▸ WHAT YOU SHOULD DO:
Would you write out the lines below exactly, from the one containing "dress, dazzling, white" to the very last, but without the pictures?
──────── GIVEN INFORMATION ────────
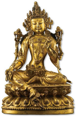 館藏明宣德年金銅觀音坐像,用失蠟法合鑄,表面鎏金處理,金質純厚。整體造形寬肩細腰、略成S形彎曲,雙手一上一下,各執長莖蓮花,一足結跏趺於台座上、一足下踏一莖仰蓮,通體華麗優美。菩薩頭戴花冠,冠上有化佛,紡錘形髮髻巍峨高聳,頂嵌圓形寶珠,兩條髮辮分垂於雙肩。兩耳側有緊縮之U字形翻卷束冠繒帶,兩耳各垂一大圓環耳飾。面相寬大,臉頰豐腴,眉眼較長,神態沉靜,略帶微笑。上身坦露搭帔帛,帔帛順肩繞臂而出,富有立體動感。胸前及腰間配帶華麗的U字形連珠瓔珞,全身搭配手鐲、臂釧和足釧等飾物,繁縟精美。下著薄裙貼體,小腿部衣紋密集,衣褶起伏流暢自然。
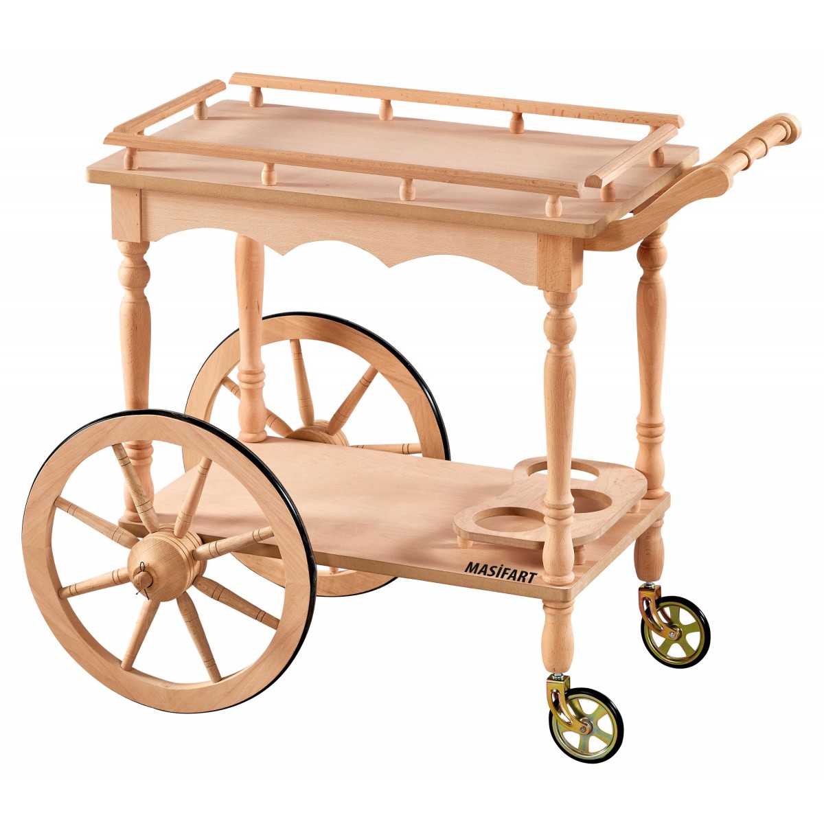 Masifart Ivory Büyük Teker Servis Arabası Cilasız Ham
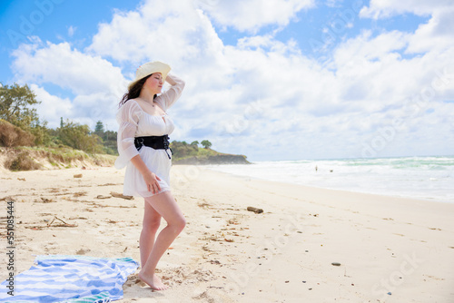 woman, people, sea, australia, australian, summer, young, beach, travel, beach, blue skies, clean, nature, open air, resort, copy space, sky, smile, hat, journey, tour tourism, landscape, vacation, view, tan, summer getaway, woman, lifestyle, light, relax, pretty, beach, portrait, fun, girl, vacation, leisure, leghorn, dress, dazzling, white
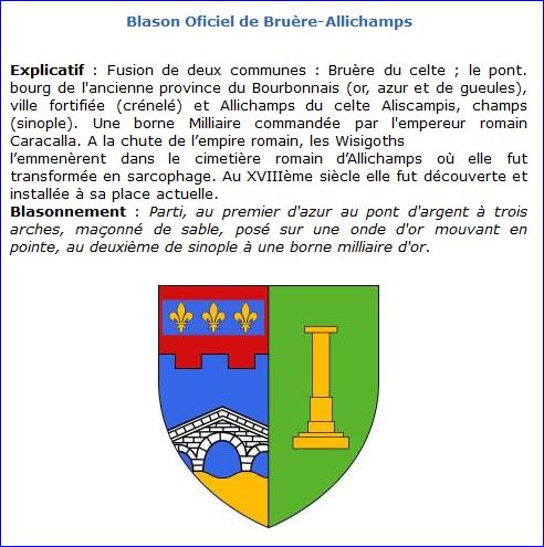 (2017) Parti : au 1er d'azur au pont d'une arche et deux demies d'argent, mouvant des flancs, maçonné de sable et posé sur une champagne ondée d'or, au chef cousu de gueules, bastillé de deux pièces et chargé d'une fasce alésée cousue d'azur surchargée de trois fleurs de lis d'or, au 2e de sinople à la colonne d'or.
────────
▸ RESPONSE TO THIS TASK:
 woman, people, sea, australia, australian, summer, young, beach, travel, beach, blue skies, clean, nature, open air, resort, copy space, sky, smile, hat, journey, tour tourism, landscape, vacation, view, tan, summer getaway, woman, lifestyle, light, relax, pretty, beach, portrait, fun, girl, vacation, leisure, leghorn, dress, dazzling, white
 (2017) Parti : au 1er d'azur au pont d'une arche et deux demies d'argent, mouvant des flancs, maçonné de sable et posé sur une champagne ondée d'or, au chef cousu de gueules, bastillé de deux pièces et chargé d'une fasce alésée cousue d'azur surchargée de trois fleurs de lis d'or, au 2e de sinople à la colonne d'or.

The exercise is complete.